In total, the average runtime for search is $O(\log n)$!

Vertex Neighborhood

So how can we use the $k$-D tree to obtain neighborhood of a vertex? We can:

  • find nearest $k$ instead of the top-1 nearest (by additionally keeping a priority queue during the search)
  • find nearest $k$ component: first find $k$​-nearest nearest components, and then for each component find the nearest node
  • radius: take all points within a ball of a set radius centered at $x$
  • Visibility: Take all points that are visible from $x$ (analogous to the Visibility Graphs)

Here we expand on the visibility idea: can construct small roadmaps (little number of vertices) that still sufficiently cover the C-space:

Need Neighborhood graph of $q$ Example Output
image-20240223145519189 image-20240223145536821

why is this useful: reduce connectivity again to cover large C-space with low number of nodes/edges. How does this work?

Idea: Given a vertex, its nerighbor vertex set is divided into guards and connectors:

  • a guard veretx is not allowed to see any other vertex in the neighborhood
  • a connector vertex must connect at least two guards

after this definition of vertices, we can have a very space graph by:

  • a new vertex is considered if it’s a guard or
  • a new vertex is considered if it’s a connector and it connects guards in different components
  • otherwise, discard this vertex

This can clean up the neighbor set to make our edge connections/final graph a lot sparser, while still covering the C-space.

Collision Detection with Sampling Methods

Now we have methods to sample and find candidate vertices for connections. How do we check if a node/edge is collision free?

If we are considering collision detection in workspace (with arbitrary complex obstacles):

  • map the obstacles (with complicated shape) to workspace, and consider simple bounding regions


    but of course, these are over-conservative.

  • then, the idea is then to consider:

    • if no collision in bounding regions = no collision
    • if there is, draw more fine-grained regions and repeat upto some iterations


    some version of this is probably used in pybullet

But the problem is we are planning in the high dimensional configuration space + the robot/obstacles are of complex shapes (e.g., highly non-convex)

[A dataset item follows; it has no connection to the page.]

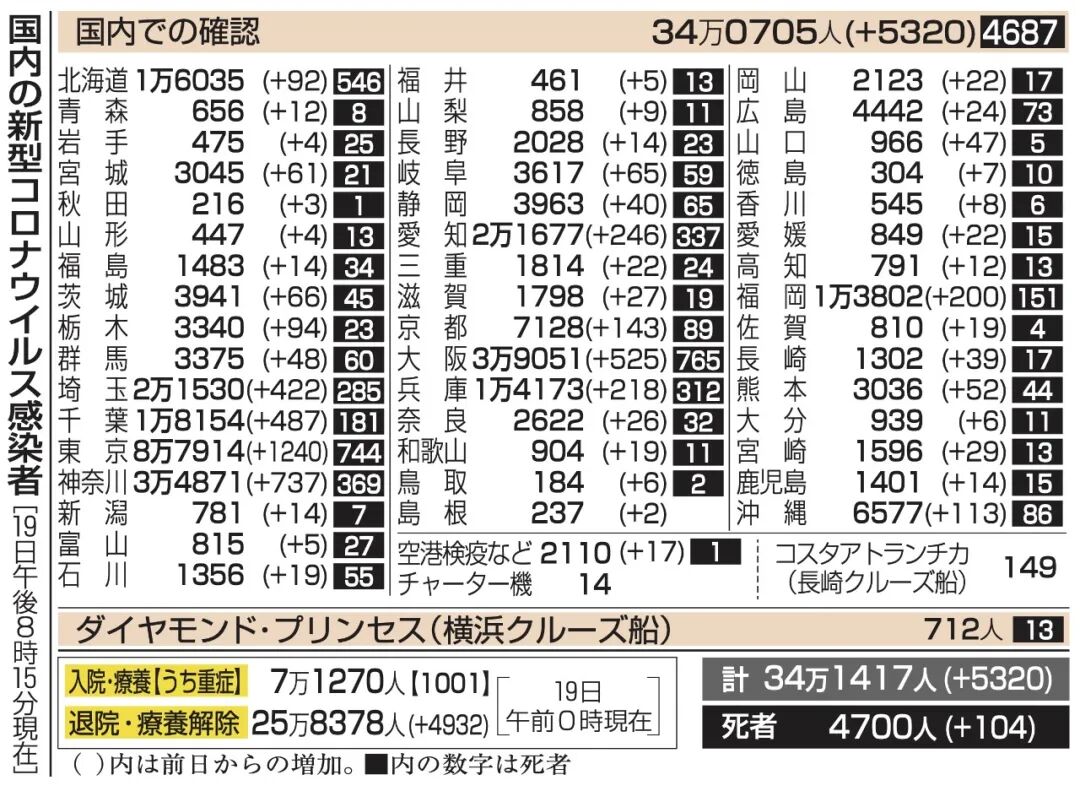截至1月19日,日本国内已确认了的总感染人数为34万705人。

Is there a simple approach to do collision detection? Some intuitive approach include:

Local Planner and Path Collision Detection

But in most C-space environments, we do NOT have a closed expression for the position of the obstacles. However, we can efficiently compute if a point is inside an obstacle.

So how does a local planner decide if an edge would collide with obstacles?

Again, very simple ideas include:

  • draw only straight lines and check for collisions by sampling.
    • this very faster but succeed less.
    • to be more successful you may require denser sampling nodes.
  • Slower, better planners might consider things like “curved paths”, etc.

Visually: you basically do this given that you want to (try to) connect $q$ and $q’$:


so obviously some design choice is:

  • step size: too small and each check will be slow, too large and we may miss collisions
  • can change step size to be adaptive, etc.

Sampling Strategies

Finally, how do we sample configurations (not too many and not too few) to construct roadmaps? Before, we kind of assumes we will be doing uniform sampling. For example, after collision detection of the nodes we could get to:


but the runtime and success rate of entire PRM procedure will have high variance.

More specialized sampling methods (e.g., using some heuristics) may be better in certain adversarial environments

Dispersion Sampling

This is actually a deterministic sampling algorithm

Idea: place more samples to shrink the size of the largest uncovered area

To do this, we first need to measure “the size of uncovered area”

The dispersion of set of samples $P$ is:

\[\delta(P) = \sup_{x \in X} \min_{p \in P} d(x,p)\]

so what is this? This basically gives me the maximum distance to its nearest neighbor

  • imagine computing the distance of some coordinate $x$ to its nearest neighbor
  • then re-position your $x$ to maximize the above

Visually you would need to place your $x$ to be the center of the following yellow regions:


In fact, by this definition, distributing samples in a uniform grid minimizes dispersion. But that requires pre-defining how many grids to use.

So the proposed method is really aiming to achieve this while allowing you to continuously generate more samples

  • because each new sample is added to minimize dispersion, this is resolution complete
  • again, this can be done deterministically

Examples of algorithms that does this include

Halton Sequence Hammersley Sequence
image-20240223152225042 image-20240223152232235

Connection Sampling

Previous methods are all “unbiased”: they do not really care about (e.g., the obstacles in) the environment. This can be a problem if we have narrow regions that is crowded with obstacles = likely to get disconnected components.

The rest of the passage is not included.